Real Ugly(27)
“Does it matter?” she asks, and I can't help it. I step in front of her and stop her in her tracks, reaching out to grab the shades before she stops me with a hand to the wrist. Her silver fingernails wrap my skin and squeeze tight, sending a rush of hormones through me that I don't completely understand. This girl has strapped me onto a fucking roller coaster. I'm up; I'm down. It's giving me a fucking stomachache. “Those assault charges you threatened before go both ways, Turner, and I'm not trying to sound sexist, but it's a lot easier for a woman to level them against a man than vice versa, you catch my drift? It's just the way this horrible, ugly world works.” Naomi releases me and steps back, pulling the sunglasses off herself. Her eyes are like nothing I've ever seen, a color that there's no name for yet. They match the desert, red and orange and brown, dry, seemingly barren. Behind them though, behind them there's a whole world hidden beneath the dirt, one that can spring to life with just a drip of rain.
I wipe my hand across my face to help clear my mind. What am I now? A fucking poet? Naomi is just a girl I had drunk sex with a long, long time ago. She isn't an enigma or a mystery, just the one person I made such a stupid mistake with. That's all there is to it.
“Where's my kid, Naomi?” The edges of her lips droop for a moment before something clicks and she lifts her chin defiantly. The wind teases her hair and draws her nipples to hard points under the thin fabric of her shirt. If I were to reach out a hand and touch them … I bite my lip so hard it bleeds and keep my eyes focused on her face.

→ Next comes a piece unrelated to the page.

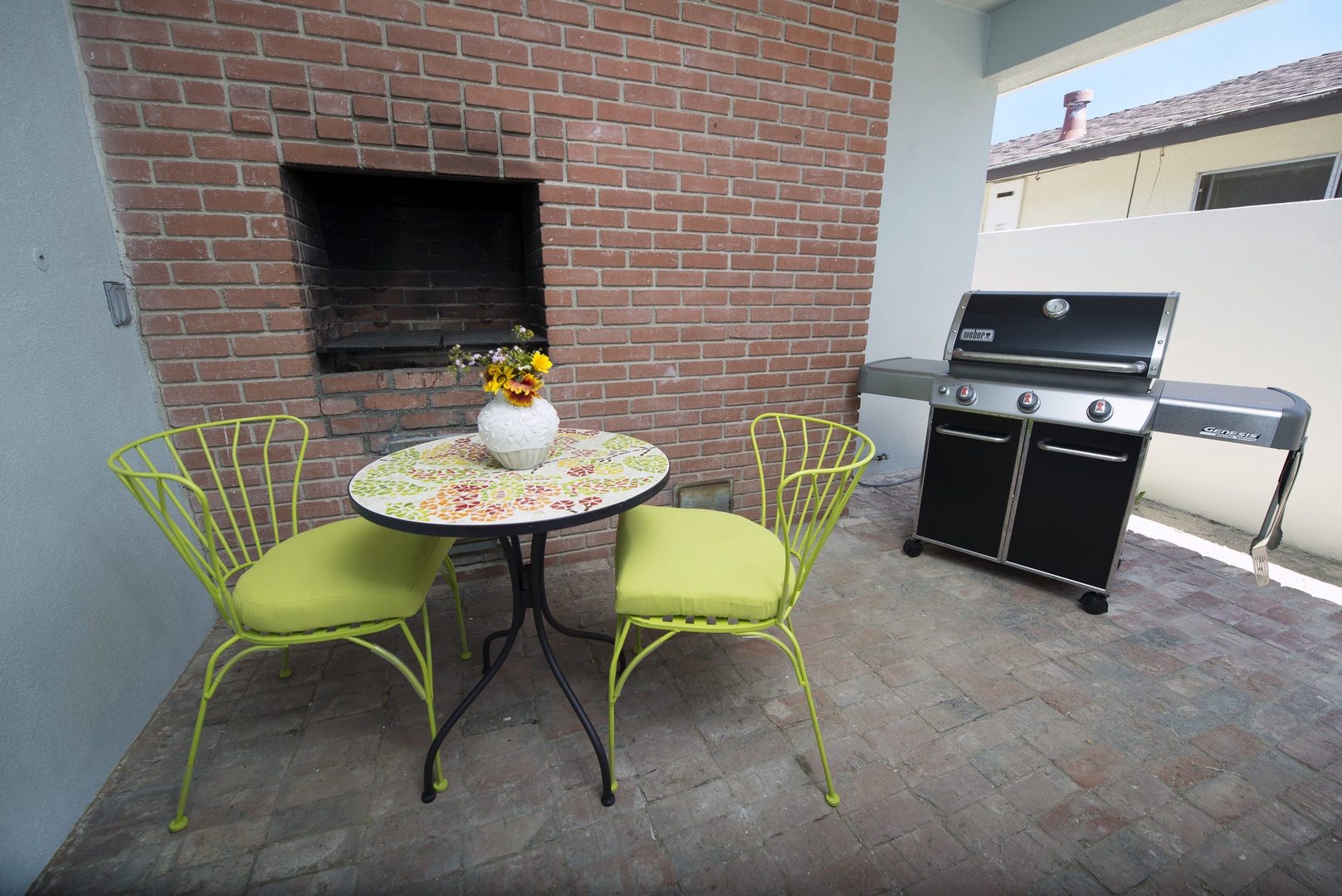 The patio area has a nice seating area to chat and a high end Weber BBQ.

Behind us, the camp is starting to come alive in anticipation of the show tonight. I have a hard time even imagining getting through it. I don't handle life altering revelations very well. They've never been very good to me in the past. Fuck, this is exactly why I hate secrets. Just when you think everything is peachy fucking keen, some shit has to get stirred up to ruin the day.
I run my tongue across my lips to wet them; this damn desert air is drying me out.
“Please,” I say. It takes a lot of effort to get that word to pass between my lips. Please sounds like begging and Turner Campbell does not beg. Naomi's eyes flicker away and focus on some shrubs at the edge of the parking lot. There's a lot more to this story than first meets the eye, that is for fucking sure. There are secrets wrapped in secrets buried under secrets; I can smell 'em from here. “Come on, Knox, you owe me an explanation.”
Her eyes snap back to mine and her full mouth tightens into a thin line.
“Turner,” she says, stepping forward and poking me in the chest with the corner of her sunglasses. “I don't owe you shit. Fuck off and leave me alone. Stop calling me, stop following me, and you better keep your ass off the stage when I'm on it. Me and you, we have nothing to say to each other.”
And then she steps around me and leaves me in the dust.
I survive the show that night – barely. I play, but I don't play with any heat or substance, and I can tell the crowd knows it. I mean, they still cheer and scream and flail, but they don't drop their inhibitions; they don't evolve backwards and fall to the floor in howling fits of animalistic rage. When they do that, you know you've nailed it. That night, I do good, but I don't blow anybody's mind.
Can't say the same for Turner.
From what Hayden says, he destroyed the stage and caught that whole damn building on fire with his words. She says they were so laced with rage that he was spitting acid and burning holes in the fucking stratosphere.
Good for him.
After our set, I retreat back to the bus and fall asleep.
When I wake the next morning, I can't hold it back. I end up at the table in the front with my notebook open flat and my pen pressed so hard against the pages that the paper tears with every other word.
Blair and Dax watch me silently from across the table while the rest of the band put-puts around the bus like they've got nothing better to do. And I mean, hell, fuck 'em, I guess they don't. They know when I'm like this that something good's coming. Our last album? Yep. Happened just like this.
“You want to take a break?” Blair asks after a little while, scooping some of her bi-colored hair over her shoulder and adjusting the little black and white polka dot bow she's stuck in the front of it. She looks cute, very vintage. Me, on the other hand, I look like shit. I haven't showered or changed my clothes, and I know I probably smell like sweat and beer, but when I'm writing, nothing else matters.
I shake my head and wish I could confide in her. It might make me feel better if I shared my secrets with somebody I actually like. In fact, I think given the opportunity that Blair and I could be best friends. And I don't mean that in the whole shallow sort of, We like go every Friday and get our nails done together bullshit. I think Blair and I could be bury-the-body best friends. Too bad the walls I've put up are taller and longer than the Great Wall of China.